Dreimal umgezogen ist einmal abgebrannt

Nach dieser Weisheit sollte die Jugendstelle reichlich Asche im Keller haben. Oder freundlicher formuliert: Die Jugendstelle war stets bei den Jugendlichen, befand sich also immer dort, wo sie gebraucht wurde, mit dem Ohr am Puls der Jugendlichen.

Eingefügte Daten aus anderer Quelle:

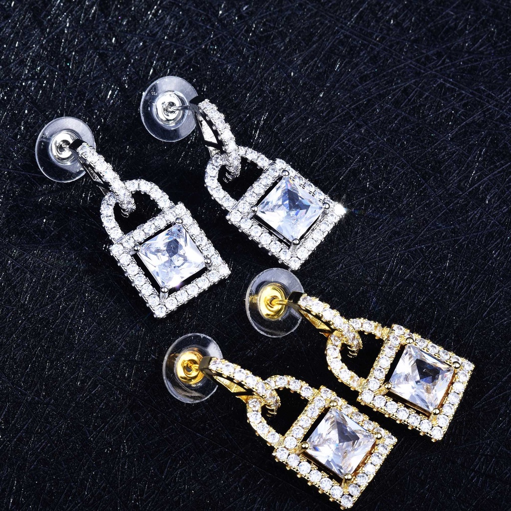 Detail Goldkingdom Aksesoris Perhiasan Fashion Ready Stock Dengan Micro Studded Small Lock Earrings, Earrings, Mesh Red Earrings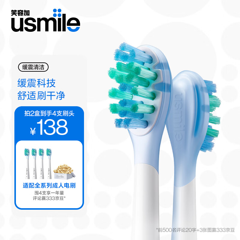 usmile笑容加 电动牙刷头 成人日常清洁 缓震清洁款-2支装 适配usmile成人牙刷价格:79.00元!

Hier die "umzug-reiche" Geschichte der Jugendstelle Perlach.

Seit 1996

Pfarrei Christus Erlöser - Kirchenzentrum St. Maximilian Kolbe

Therese-Giehse-Allee 73

Dafür ging es dann in eine frischgebaute Wohnung neben der Pfarrei St. Maximilian Kolbe.Weitere Umzüge sind derzeit nicht in Planung ...

 

  

1994 - 1996

Container

Pfarrgarten St. Michael, Perlach

Aus der Not wurde eine Tugend und so zog die Jugendstelle kurzerhand "übergangsweise" in zwei Baucontainer. Wie es bei Provisorien so ist, dauerte die Container-Zeit ein "bißchen" länger als geplant ...

  

1983 - 1994

Pfarrei St. Michael, Perlach

St.-Koloman-Str. 7

Im Neubau des Kindergartens in St. Michael konnte eine Wohnung für die Jugendstelle angemietet werden, bis die Pfarrei diese selbst benötigte.

  

 

1979 - 1983

Kirchliches Jugendzentrum Neuperlach

Paul-Löbe-Str. 13

Bei der Planung des Kirchlichen Jugendzentrums Neuperlach (im Stephanszentrum) plante die Jugendstelle fleißig mit. Jugendliche übernahmen tatkräftig Teile des Kellerausbaus.

Die Schwierigkeiten, die sich in der konkreten Arbeit mit verschiedenen Zielgruppen ergaben, legten schließlich eine Trennung der Stellen nahe.

  

1975 - 1979

Pfarrei St. Stephan

Jakob-Kaiser-Str. 9 und Ollenhauerstr. 7 (Pfarrbüro)

Mit der neuer Jugendpflegerin wurde ein Raum in der Pfarrbüro-Wohnung von St. Stephan Sitz der Jugendstelle. Im Zuge der weiteren Bautätigkeit am Wohnring zog das Pfarrbüro mitsamt der Jugendstelle in die "richtige" Wohnung des Pfarrbüros um.

1972 -1975

Pfarrei St. Jakobus

Quiddestr. 68, 1. Stock (pfarreieigenes Hochhaus)

Mit dem Entstehen Neuperlachs und der damit verbundenen Teilung des Dekanats Ramersdorf (die Ottobrunner Pfarreien wurden abgetrennt) zog die Jugendstelle in die Wohnung (!) der Jugendpflegerin ins Pfarrhaus von St. Jakobus, die - oh Wunder - beim offenen Treff schon bald aus allen Nähten zu platzen drohte.

1968 - 1972

Pfarrei St. Magdalena, Ottobrunn

Ottostr. 102 (Jugendheim)

Das Dekanat umfasste damals die folgenden Pfarreien:
Stadtgebiet München
St. Pius, Maria Ramersdorf, Verklärung Christi, St. Bernhard, St. Michael, St. Bruder Klaus, Kuratie Neu-Perlach
Landkreis München
Rosenkranzkönign (Neubiberg), St. Otto (Ottobrunn), St. Magdalena (Ottobrunn)

Das Entstehen des Stadtteils Neuperlach zog eine räumliche Neuorientierung der Jugendstelle nach sich.